For several years the upfront costs of purchasing most EVs in Norway have been no greater (and often less) than the upfront costs of purchasing a gasoline or diesel powered vehicle. Unlike most other European countries, Norway has not made EVs more affordable by giving large grants or tax credits to buyers. Instead, Norway redesigned its tax structure for automobiles to make EV purchasing both competitive and user friendly. Norway exempted EVs from the 25 percent value added tax (VAT), the vehicle purchase tax (based on CO2 and NOx emissions and weight) that tends to be even greater than the VAT, and annual fees equivalent to our registration and licensing fees. The resulting simplicity in vehicle cost comparisons, and the consistency of exemptions over the years, have contributed to Norway’s success with EV adoption.
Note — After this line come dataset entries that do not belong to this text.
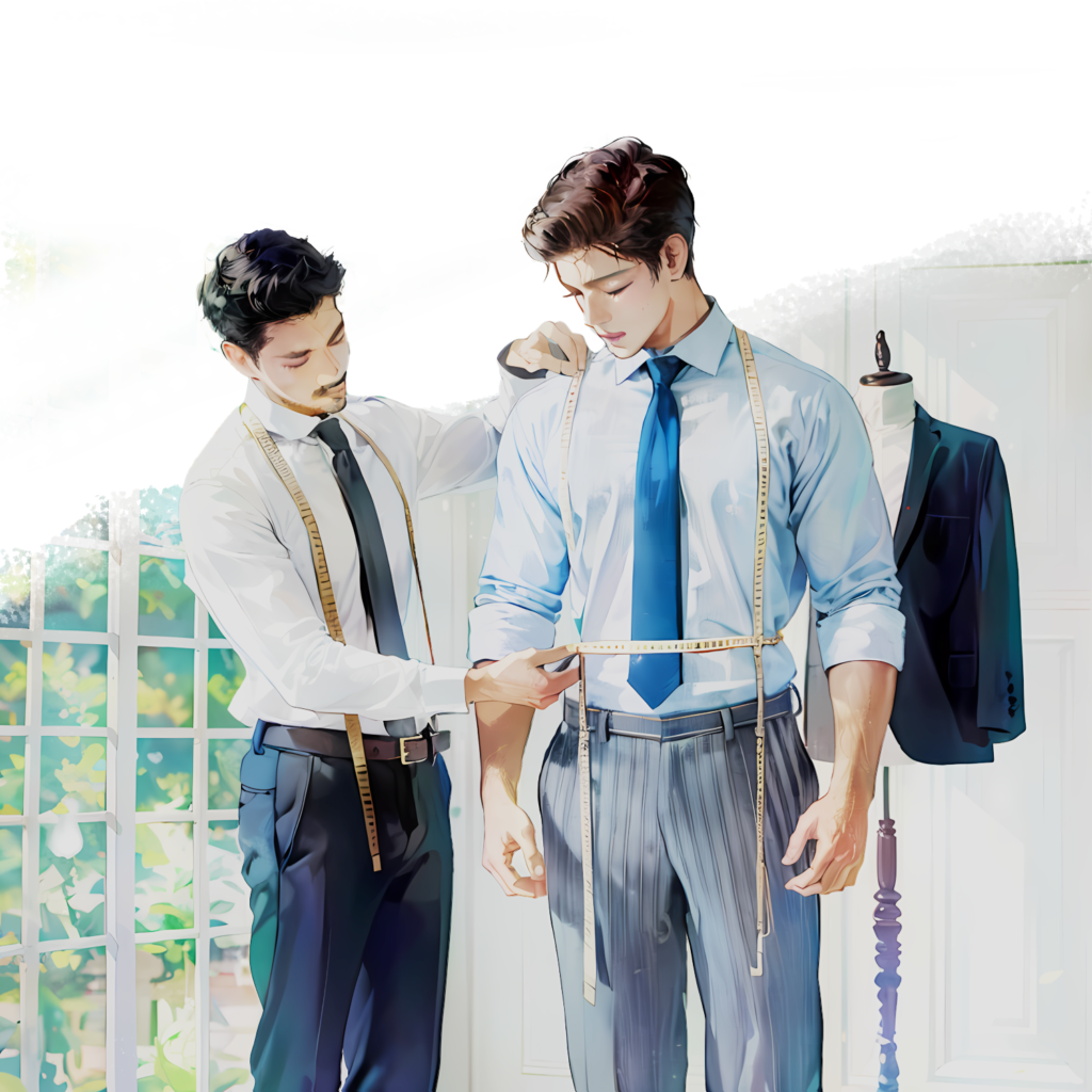 プロのフィッターが細部にわたり採寸します。あなたの体型に完璧にフィットするスーツを作るために、肩幅、ウエスト、袖丈などを正確に測ります。
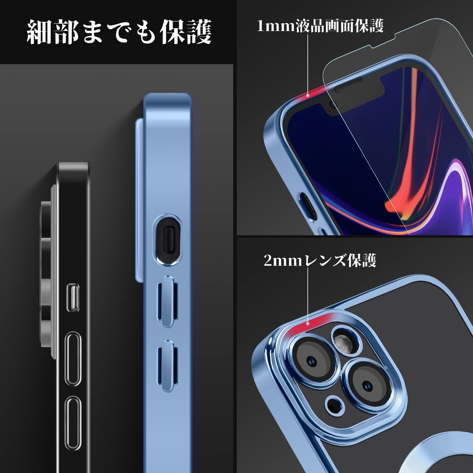 iPhone14 ケース MagSafe対応 2023新型 iPhone 14用 ケース耐衝撃 米軍MIL規格 アイフォン14用 指紋防止 黄変なし 耐久性 iPhone 14 カバー 磁気ケース6.1インチ ワイアレス充電対応 (ブルー)
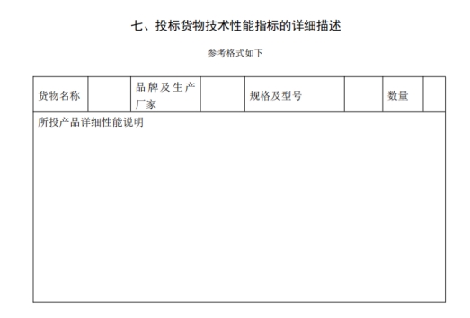 答:此项详细描述不作为初步评审。请投标人根据所投货物、自身情况自行考虑填写。
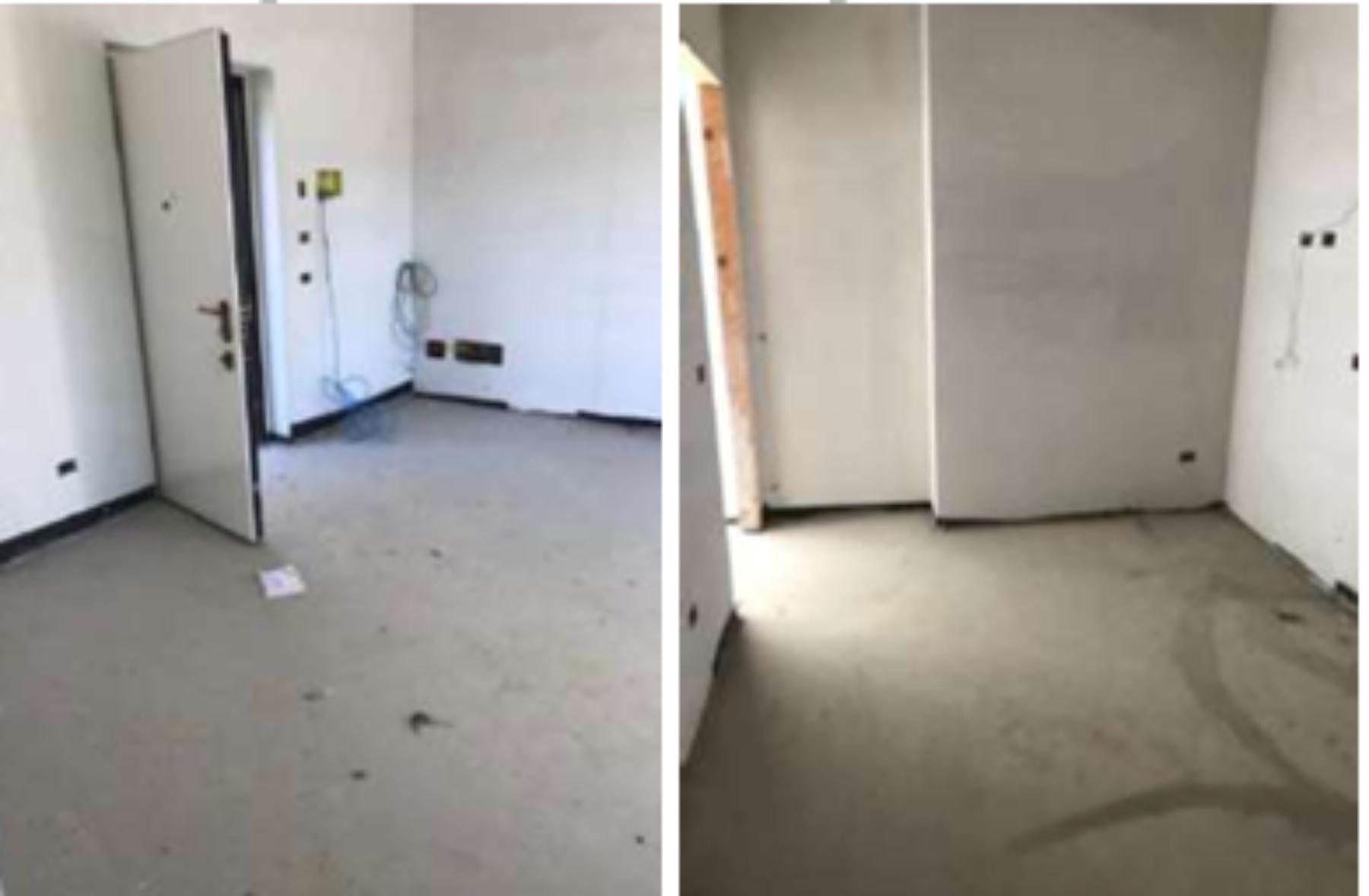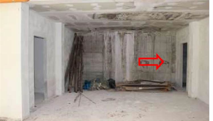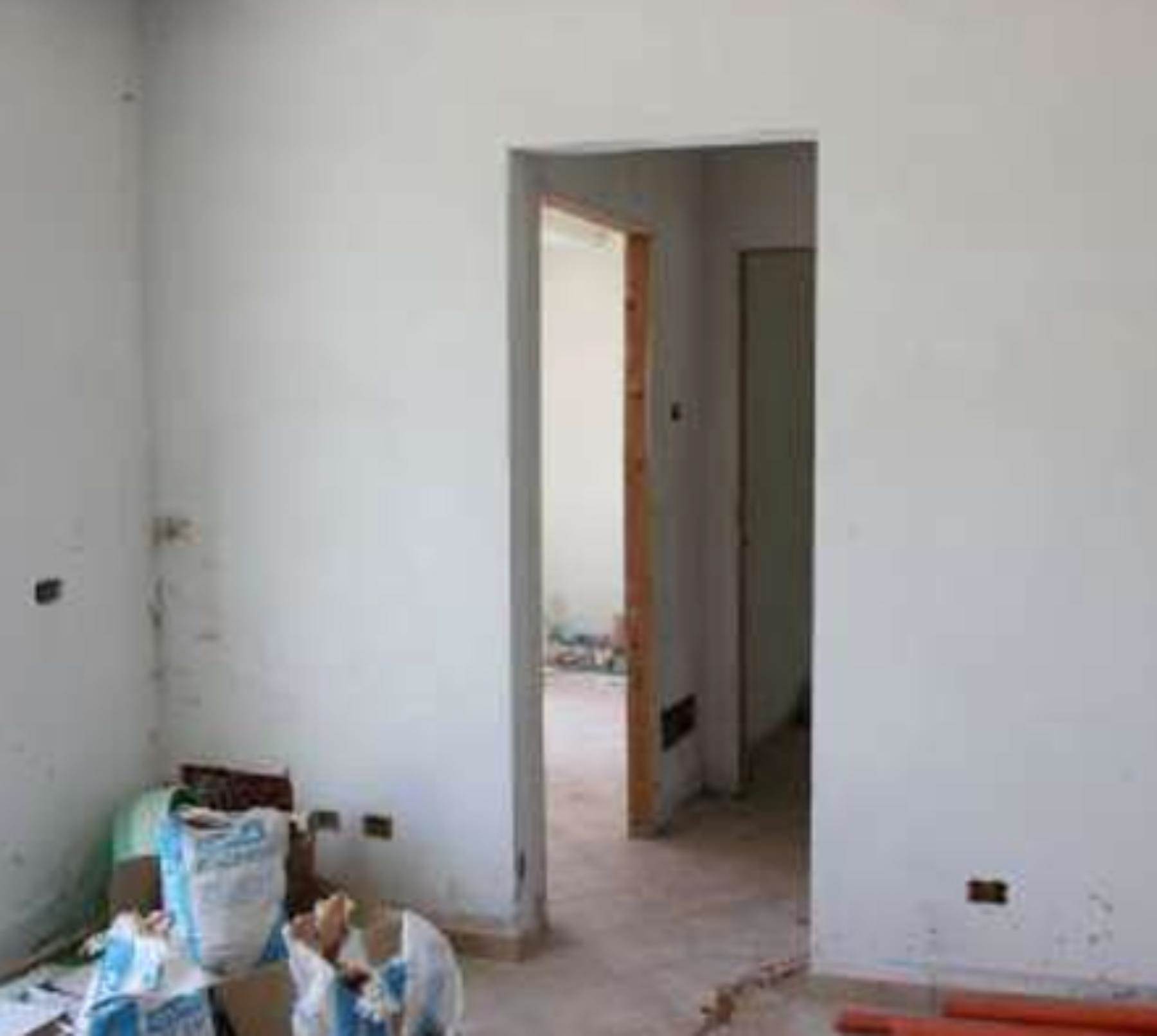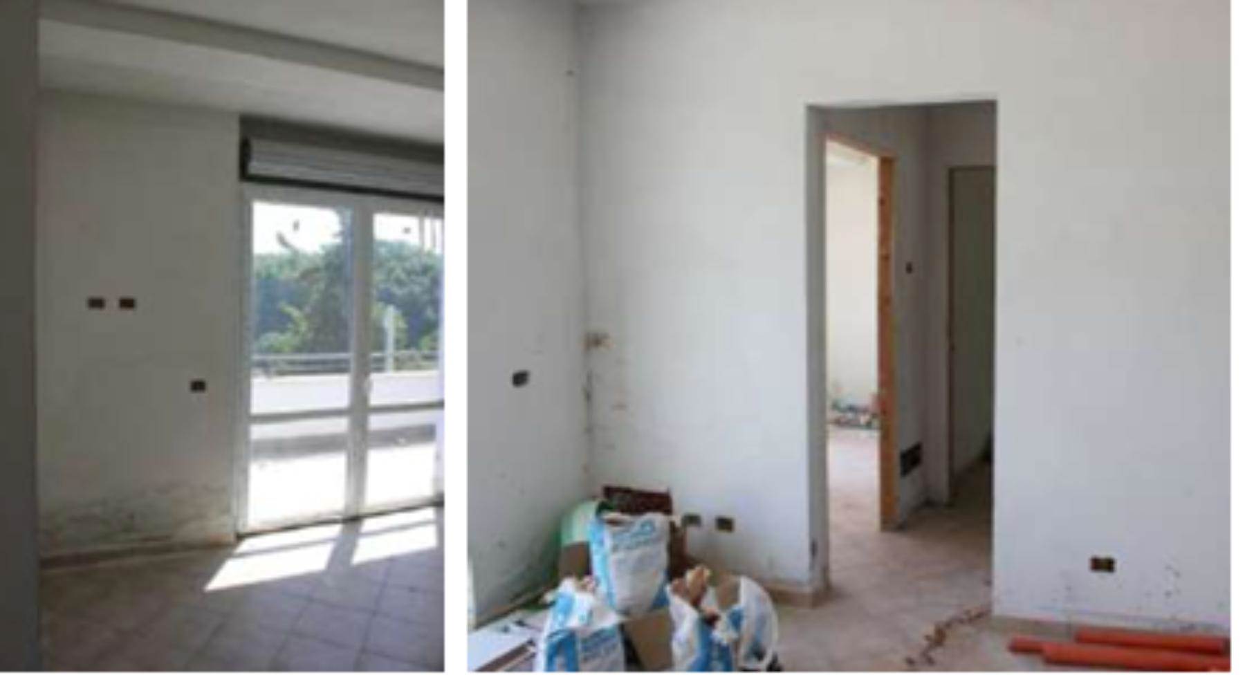 L’appartamento al suo interno appare suddiviso da tramezzature che ne articolano lo spazio composto da: ingresso, soggiorno con angolo cottura, disimpegno, bagno e due camere da letto.
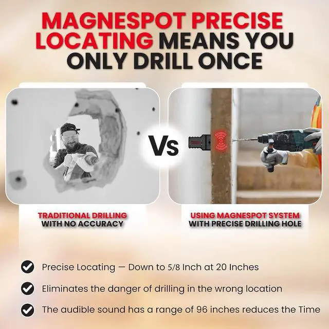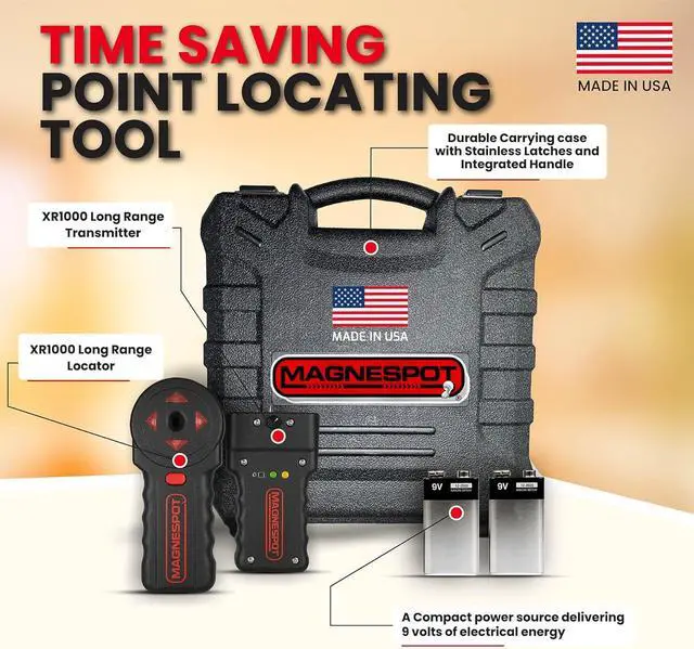 OUTSTANDING PERFORMANCE: The maximum range of the magnespot reference point locator kit between the transmitter and receiver is in excess of 60 inches, so as to cover even the biggest structures. The audible sound has a range of 96 inches which reduces the time required to locate the transmitter. The center reference is one inch below the pin's moving face when the transmitter is positioned on its sides. Eliminates the danger of drilling in the wrong location.
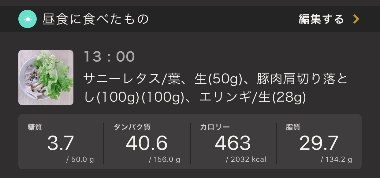 朝食でタンパク質50g、昼食でタンパク質40gと結構なハイペースでタンパク質を摂取しています。
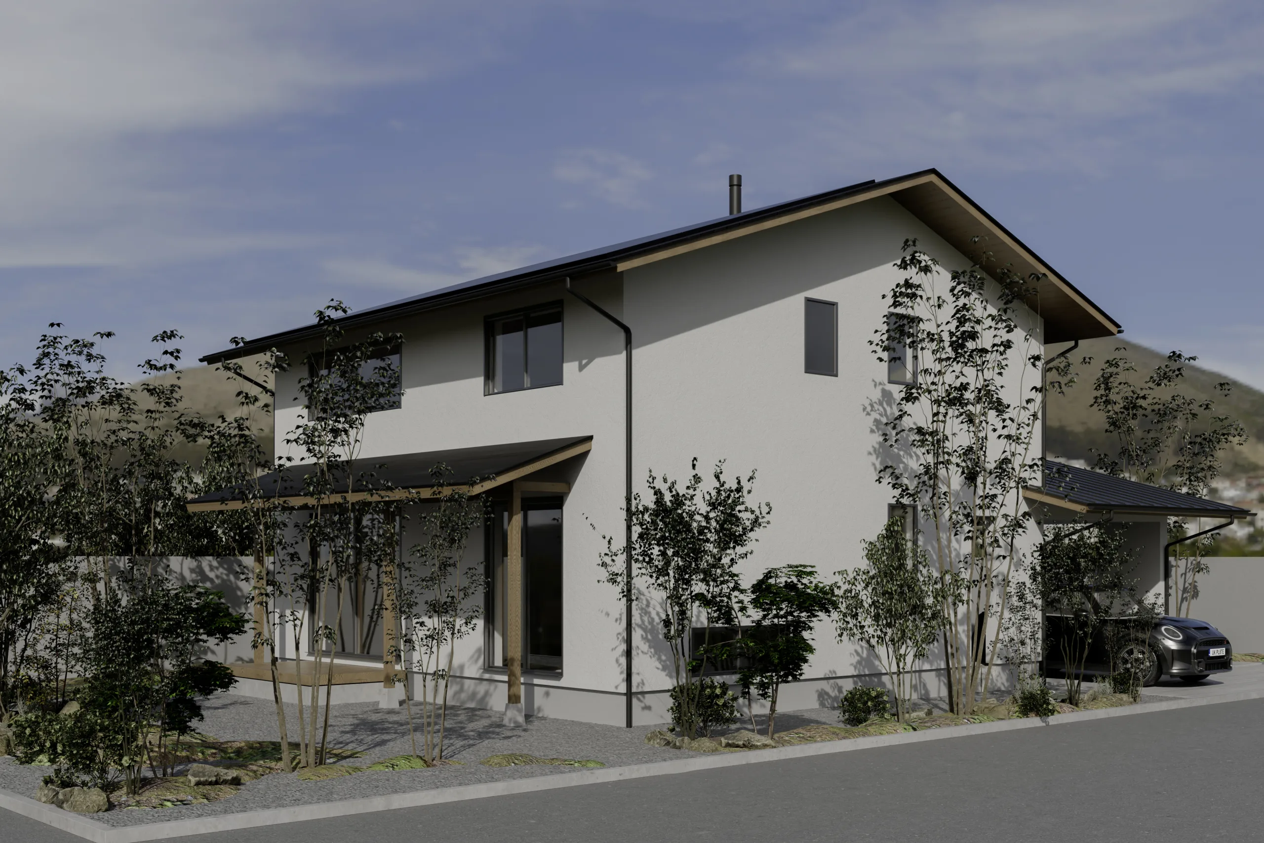 白の塗り壁を基調とした和モダンデザインの外観は、庭の緑が映え周辺の自然と調和する佇まいに。
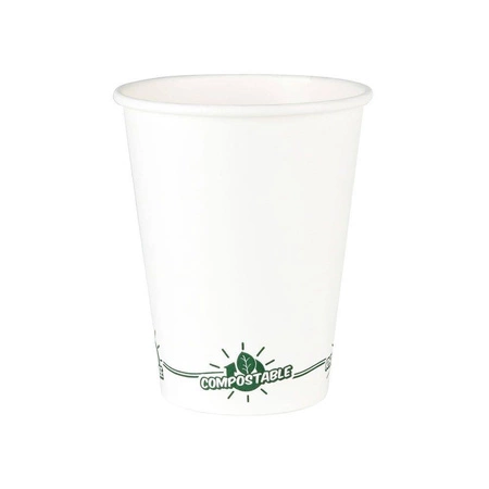 Jednowarstwowe kubki ekologiczne w kolorze białym o pojemności 350 ml i średnicy 90 mm. Wykonane zostały w 100% z papieru powlekanego tworzywem roślinnym PLA.
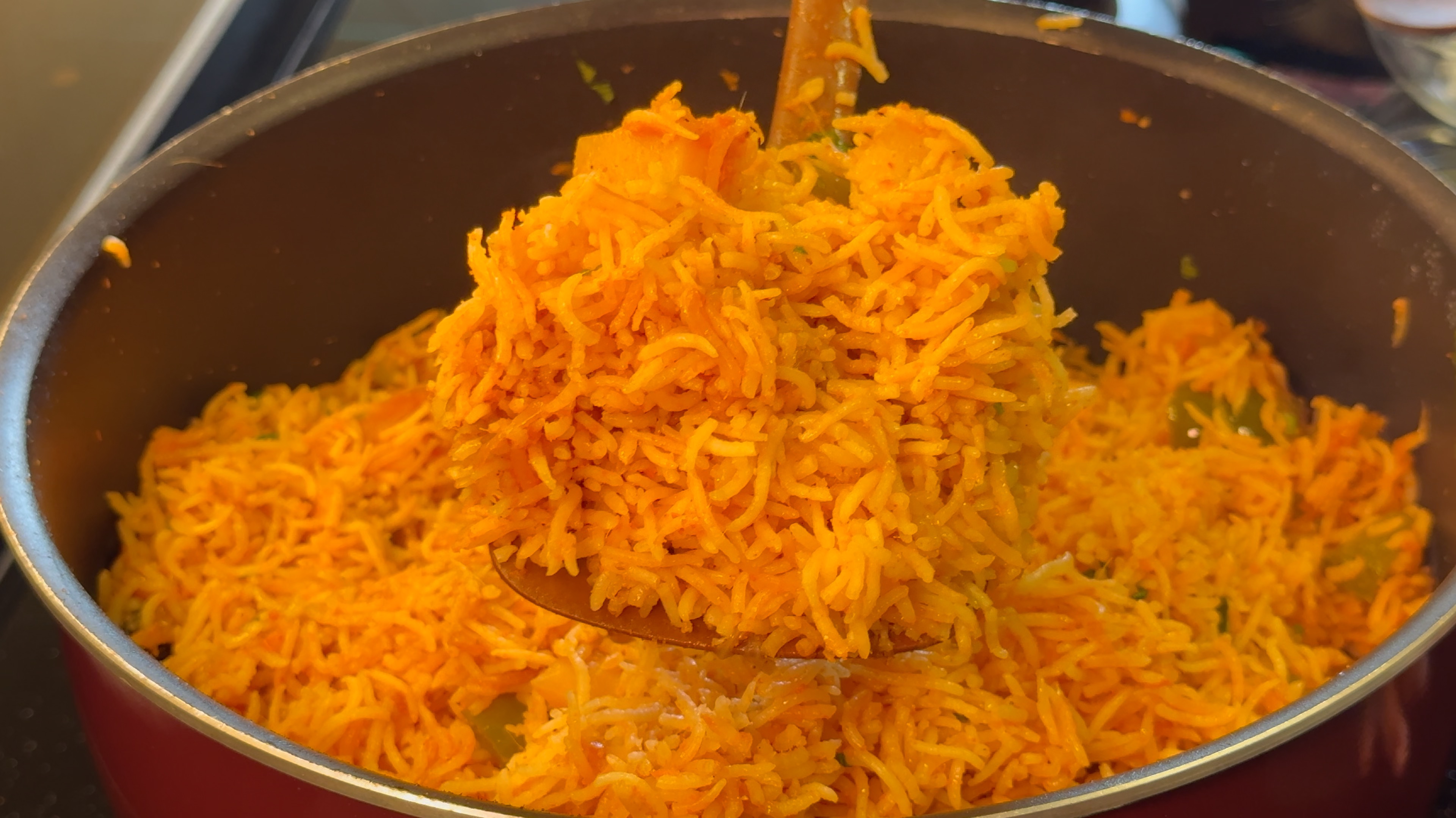 As I have always said in the method of cooking pulao or biryanis, it’s a good practice to place a tawa (a flat pan) on top of your burner, followed by the pot you are cooking in. This technique helps to distribute the heat evenly and ensures that the rice does not sit at the bottom of the pot, preventing it from burning. By creating this buffer, you can achieve long, grainy rice that is perfectly cooked and fluffy. This little tip can make a significant difference in the final texture of your pulao or biryani!

Other popular incentives for Norwegian EV drivers include substantially reduced tolls for bridges and roads, reduced fares for ferries, and reduced rates for municipal public parking. In national surveys of EV owners, many Norwegians claim they could not afford not to buy an EV. Norway’s high gasoline and diesel taxes have also helped. Because virtually all electricity produced in Norway is clean (98 percent hydropower), the switch to EVs is having an even greater impact on carbon emissions than in countries that rely on fossil fuels for much of their electricity production.
Other EV pricing programs are also worth studying. The French Bonus-Malus System applies either a penalty on gasoline and diesel powered cars or a subsidy on EVs at the time of sale. California’s Clean Cars 4 All program offers lower-income individuals generous EV rebates at the time of sale when a purchase is accompanied by the scrapping of an old gas guzzler.
We look forward to learning about your plans for accelerating the adoption of EVs throughout the country, and would appreciate your thoughts on the feasibility of implementing our policy suggestions.
*Haugneland, P et al., “Put a Price on Carbon to fund EV incentives—Norwegian EV Policy Success”, EVS30 Symposium, Stuttgart, Germany, October 9-11, 2017.
Wappelhorst, S et al.,“Using Vehicle Taxation Policy to Lower Transport Emissions, An Overview for Passenger Cars in Europe “, International Council on Clean Transportation, December 2018.